Mbondgulo-Wondieh also informs me that on International Women’s Day (March 8), Wfac organized a social media campaign to bring global attention to the plight of women and girls in the conflict in Cameroon. Like many female leaders in today’s Cameroon, she sought to express agency in addressing women’s grievances in political crisis across national borders. Further, Mbondgulo-Wondieh’s actions demonstrates that women are not merely passive victims amid violent political strife. Instead, many women seek to find ways not only to end the crisis, but place women at the forefront of conflict resolution.

But women also act as individuals to bring attention to the ongoing crisis. Monique Kwachou, a Cameroonian feminist journalist and blogger, is a friend of mine. When she announced she would be returning home to an Anglophone town in Cameroon to write her dissertation after defending her PhD proposal at a university in South Africa, I told her how much I feared for her safety, but she was determined. She later penned an emotional blog post in January 2019 about her many answers to the question “how is home?”, highlighting the daily realities for Cameroonians generally and women particularly in Anglophone towns, such as the constant fear of kidnapping and the fact that many young girls cannot attend school. But she also wrote of how everyday women find ways to survive, for themselves, for their daughters. As Monique recounts, mothers who know she is highly formally educated frequently ask her to adopt their daughters, saying, partly in Cameroonian Pidgin English, or Cameroonian Creole: “This my girl is smart eh … she was performing very well in school before this crisis and she has not yet known ‘life,’ abeg [I beg] take her so she can be helping you in the house.” She later shared in a private email that she has been seriously considering fostering a child, most likely, as I concluded, as part of her endeavors to help girls in her community.

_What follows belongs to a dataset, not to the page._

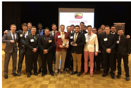
Accepting the award for Most Outstanding Alumni Relations at the 2018 Regional Leadership Conference

At the 2018 Regional Leadership Conference, held at Northern Illinois University, we bid to host the Conference at Trine University in 2019. We were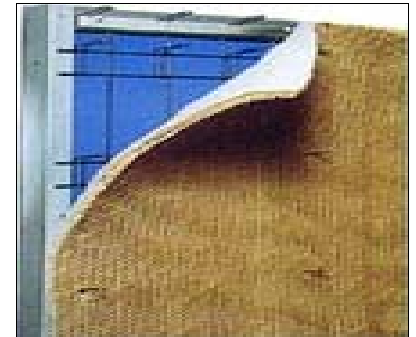
Paper-Poly Paint Arresting Filter Media

5 Layer Paper is enhanced with polyester backing to provide maximum paint holding capacity and efficiency. The Kraft Paper-Poly media is highly effective in operations where high-solids, bake enamels, water-borne or tacky coatings are being sprayed. Slower air velocity aids in transfer efficiency of overspray particulates. In appropriate process conditions, this media's efficiency rating consistently reaches 99% , keeping finishing operations EPA compliant.

One day she sent me a video via WhatsApp of what life outside her window looks like on a “Ghost Town” protest day. The video opens with an image of lush palm trees, their bright green palms fanned out toward the sky. Birds chirped. The sunny scene immediately made me miss my family in Cameroon. Monique’s voice interrupted my reverie, though: “I don’t know what’s happening [in] town, but this is the highway, and there is no car moving. So you can imagine… The Ghost town is being respected; we’re all staying indoors.” She panned the camera to show an empty road, not a car in sight. Just the sound of birds. It’s clear that this road is normally busy, cars honking, music. The 32-second video reflects Monique’s varied multi-layered experiences of today’s Cameroon. Stories like hers, like Annie’s, like Mbondgulo-Wondieh’s, remind us that women in Cameroon continue to employ various strategies to cope, resist, survive no matter the circumstances and, in many ways, go beyond their own individual needs to improve the lives of their female counterparts. Their stories are complex, showing the daily realities of women in Cameroon; Monique wrote pointedly in her blog, “To properly respond to ‘how is Cameroon[?]’ would demand I tell several stories of Cameroonians.” In today’s Cameroon, women cope. Women act. Everyday.